What does it mean? Neither man nor Praxian, or any other being with a rational mind, do not want money (whether the medium of exchange is gold, misesium, or shells) in order to have a certain amount of material.

Each individual and all individuals together always enjoy fully the advantages which they can derive from indirect exchange and the use of money, no matter whether the total quantity of money is great or small. Changes in money’s purchasing power generate changes in the disposition of wealth among the various members of society. From the point of view of people eager to be enriched by such changes, the supply of money may be called insufficient or excessive”.2

The function of money as money (and therefore excluding its non-monetary uses) is to be a medium of exchange, which means:

“(…) a good which people acquire neither for their own consumption nor for employment in their own production activities, but with the intention of exchanging it at a later date against those goods which they want to use either for consumption or for production.
[…]
Money is the thing which serves as the generally accepted and commonly used medium of exchange. This is its only function. All the other functions which people ascribe to money are merely particular aspects of its primary and sole function, that of a medium of exchange”.3

The fundamental mistake made by progressive Praxians who demand to artificially increase the supply of paper money by continuing to print MisesNotes – and which modern defenders of central bank-controlled monetary inflation make – is the mistaken (and often unaware) identification of money with wealth, or more precisely: the demand for cash with a desire to increase wealth4. It is true that economic development means the creation of more and more goods and services and the creation of previously non-existent market value – but the creation of new values does not have to be followed by the creation of more money because, as Mises noted:

“The quantity of money available in the whole economy is always sufficient to secure for everybody all that money does and can do. […] The choice of the good to be employed as a medium of exchange and as money is never indifferent. It determines the course of the cash-induced changes in purchasing power. The question is only who should make the choice: the people buying and selling on the market, or the government?”.5

How, then, would non-inflationary money function, the quantity of which could not be increased (or it would be so difficult that it would be unprofitable)? After all, there is only a certain amount of it!
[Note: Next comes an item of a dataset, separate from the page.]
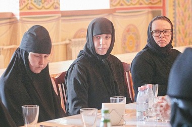 Затем члены Комиссии посетили дополнительную учебную площадку ‒ Иверский женский монастырь, где провели беседу с насельницами Иверского и Абабковского монастырей ‒ слушательницами открывающихся богословских курсов для монашествующих.

Let’s go back to the Praxians and their misesium. Let us assume, for the sake of simplicity, that the mass of the ore that was extracted from the asteroid crater was 100 000 tons. If one were to assume that the entire hundred thousand tons were put in the bank vaults, and in real trade it functions through a paper equivalent, that is, the appropriate MisesNotes, it would mean that there are one hundred million kilogram of misesium notes in the economy – or correspondingly more of their equivalents in “gram of misesium” or “dekagram of misesium.” Suppose in one year a one-kilogram MisesNote would allow the purchase of one praxee-sheep, that produce blue wool and green milk. Since the economy is growing vigorously, the Praxians are getting richer, and the amount of money in the market remains the same, there is a natural price deflation: after ten years the same praxee-sheep costs only a decagram of misesium. After fifty years, the cosmic animal is only worth a gram of misesium! What if praxee-sheep prices continue to fall? Will the banks divide the stored ore into half-gram pieces? And then they break it down into particles a quarter of a gram, and then into decigrams, milligrams, nanograms? Will single misesium atoms eventually be traded?!
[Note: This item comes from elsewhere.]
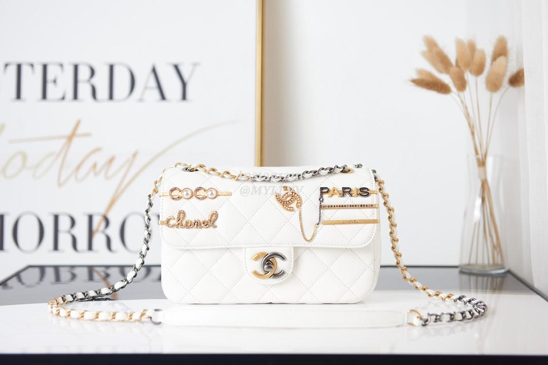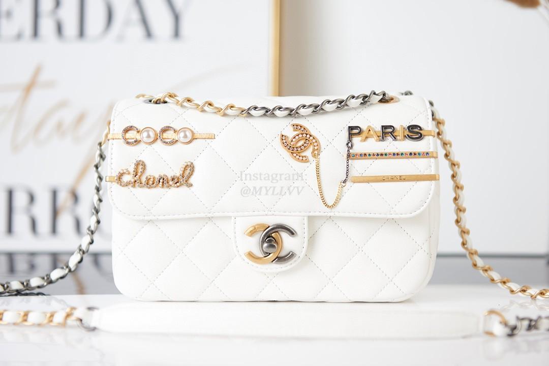 Top Quality Version:MYLLVV » Chanel Diamond Plaid Lambskin Badge Flap Bag White With Gold AS2978

This is a problem that … is not really a problem at all – because while it would be impractical to constantly divide bullion money, there are no significant contraindications for banknote equivalents for a given amount of precious metal to represent ever smaller units – as it is in the real world with non-inflationary cryptocurrencies such as Bitcoin. After all, MisesNotes will be in everyday use, not fragmentary pieces of misesium ore. However, if we consider it a problem, it must be emphasized that it is a technical and logistical problem, not an economic one. Let us recall once again after Ludwig von Mises:

“The quantity of money available in the whole economy is always sufficient to secure for everybody all that money does and can do”.6

Therefore, it is important that money is based on something more rather than just state decrees. A unit of money does not have one specific purchasing power, that is set in stone. The purchasing power of money adapts to the new supply of goods. In other words: for the same unit of money, we can simply buy more goods if the amount of goods increase, or less if the amount of goods start to decline. The latter, however, seems unlikely given the ingenuity of the Praxis.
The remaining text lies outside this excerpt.